* [Exercise]:
Exactly retype the lines below from the one containing "Each Sculpture features" through the end of the listing. Leave pictures out.

• • • •

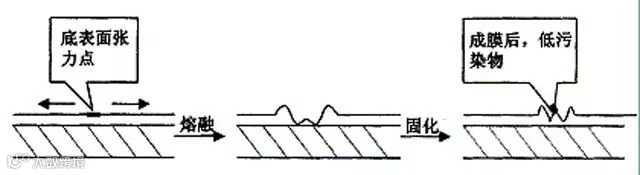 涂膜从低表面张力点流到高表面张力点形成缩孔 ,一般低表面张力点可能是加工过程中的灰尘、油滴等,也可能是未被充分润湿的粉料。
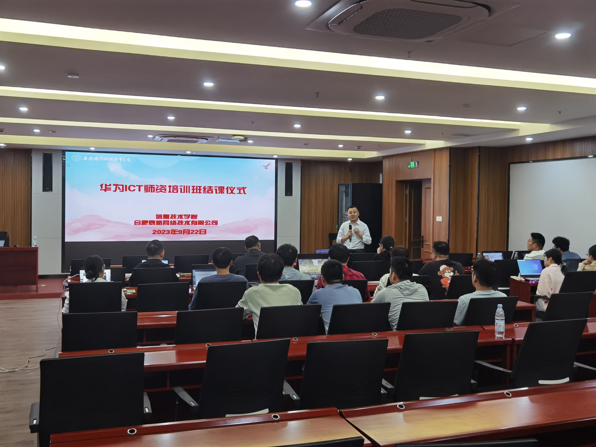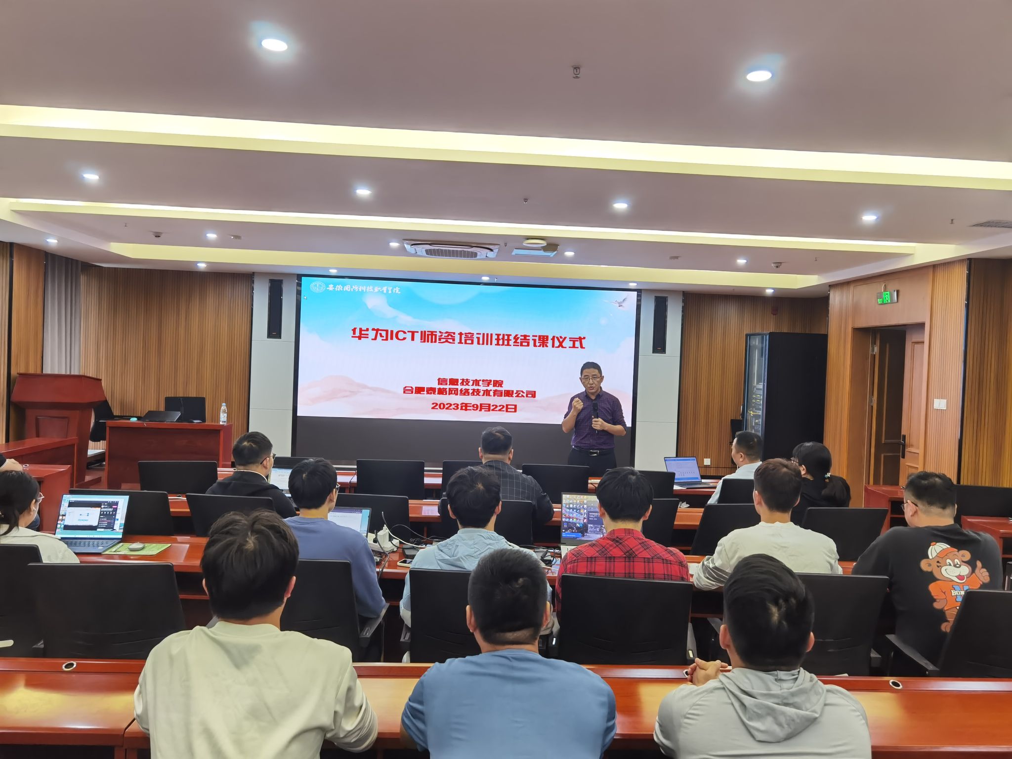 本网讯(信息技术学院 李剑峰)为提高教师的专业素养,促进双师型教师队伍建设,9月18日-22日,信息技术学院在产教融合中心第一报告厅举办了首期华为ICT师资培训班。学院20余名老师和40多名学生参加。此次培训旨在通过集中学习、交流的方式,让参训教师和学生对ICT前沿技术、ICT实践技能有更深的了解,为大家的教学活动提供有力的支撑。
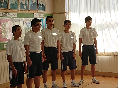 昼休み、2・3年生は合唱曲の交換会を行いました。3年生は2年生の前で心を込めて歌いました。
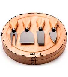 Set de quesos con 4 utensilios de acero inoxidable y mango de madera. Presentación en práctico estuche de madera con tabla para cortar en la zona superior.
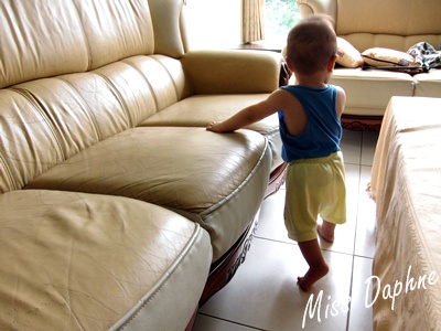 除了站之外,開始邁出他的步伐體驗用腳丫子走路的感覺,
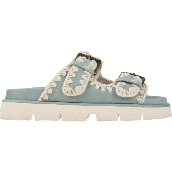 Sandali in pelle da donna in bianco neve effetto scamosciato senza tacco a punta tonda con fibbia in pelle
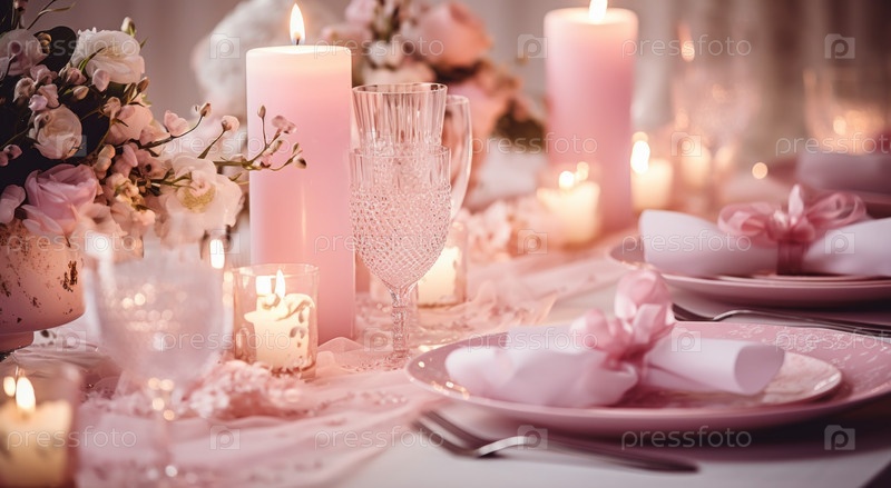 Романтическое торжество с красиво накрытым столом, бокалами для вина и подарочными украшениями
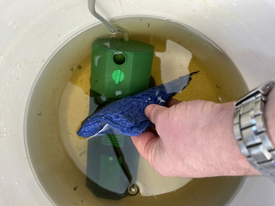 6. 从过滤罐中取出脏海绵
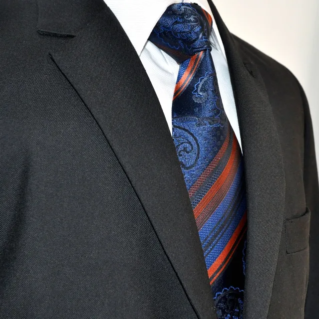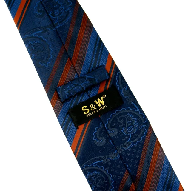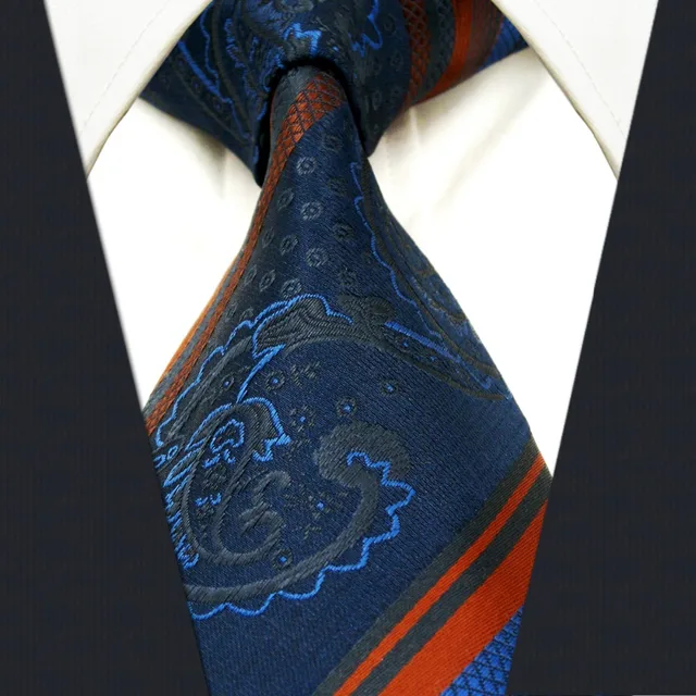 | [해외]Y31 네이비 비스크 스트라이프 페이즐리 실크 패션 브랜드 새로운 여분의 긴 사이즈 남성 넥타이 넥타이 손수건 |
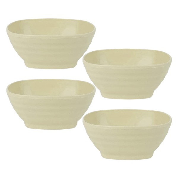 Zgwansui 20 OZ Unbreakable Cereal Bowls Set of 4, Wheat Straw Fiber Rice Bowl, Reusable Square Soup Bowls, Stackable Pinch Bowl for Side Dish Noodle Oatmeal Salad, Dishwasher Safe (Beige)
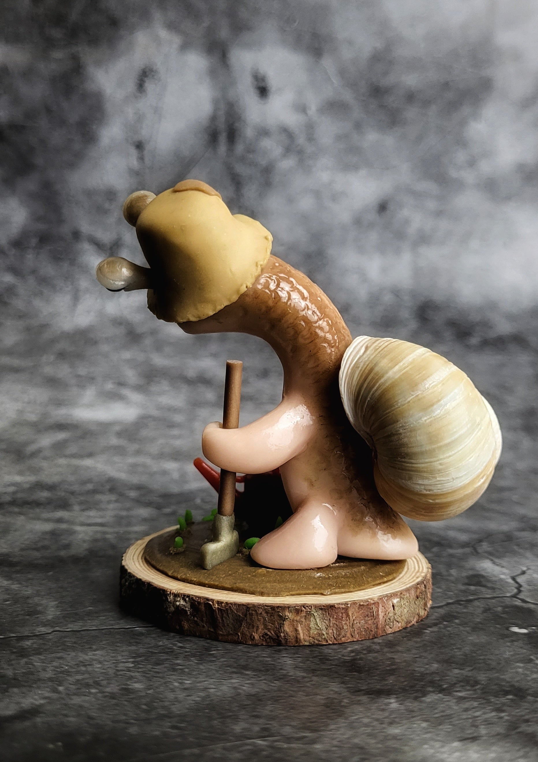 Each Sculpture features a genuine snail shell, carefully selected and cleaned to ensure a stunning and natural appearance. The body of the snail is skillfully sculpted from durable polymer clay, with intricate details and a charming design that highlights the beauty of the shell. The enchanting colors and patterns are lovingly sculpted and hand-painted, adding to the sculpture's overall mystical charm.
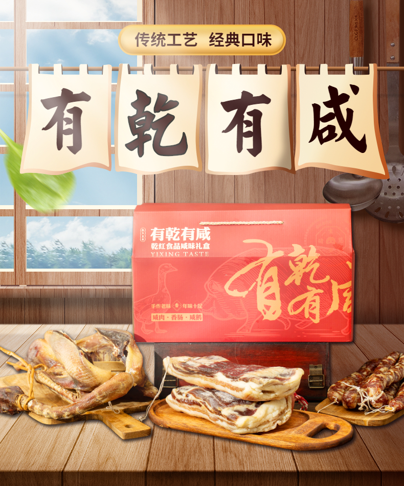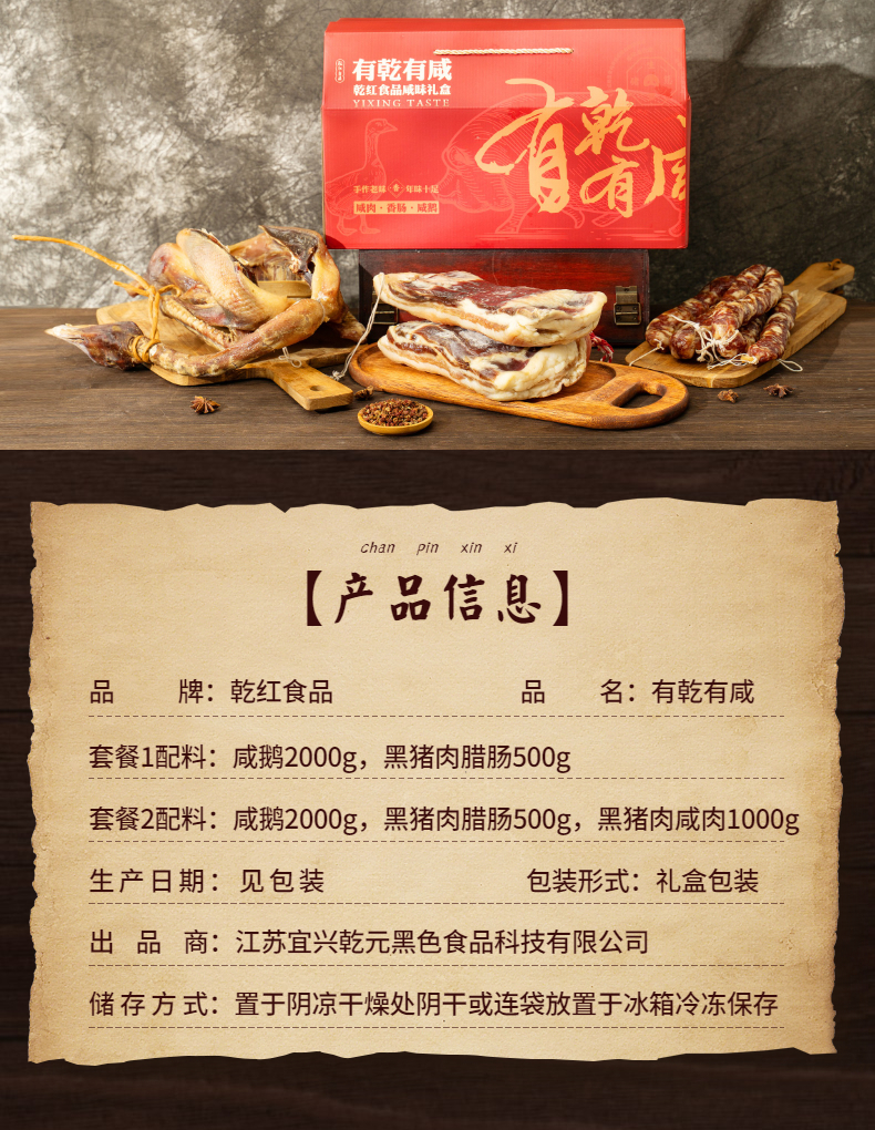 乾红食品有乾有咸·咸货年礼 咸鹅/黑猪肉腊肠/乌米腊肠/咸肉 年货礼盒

• • • •

* [Expected answer]:
 Each Sculpture features a genuine snail shell, carefully selected and cleaned to ensure a stunning and natural appearance. The body of the snail is skillfully sculpted from durable polymer clay, with intricate details and a charming design that highlights the beauty of the shell. The enchanting colors and patterns are lovingly sculpted and hand-painted, adding to the sculpture's overall mystical charm.
 乾红食品有乾有咸·咸货年礼 咸鹅/黑猪肉腊肠/乌米腊肠/咸肉 年货礼盒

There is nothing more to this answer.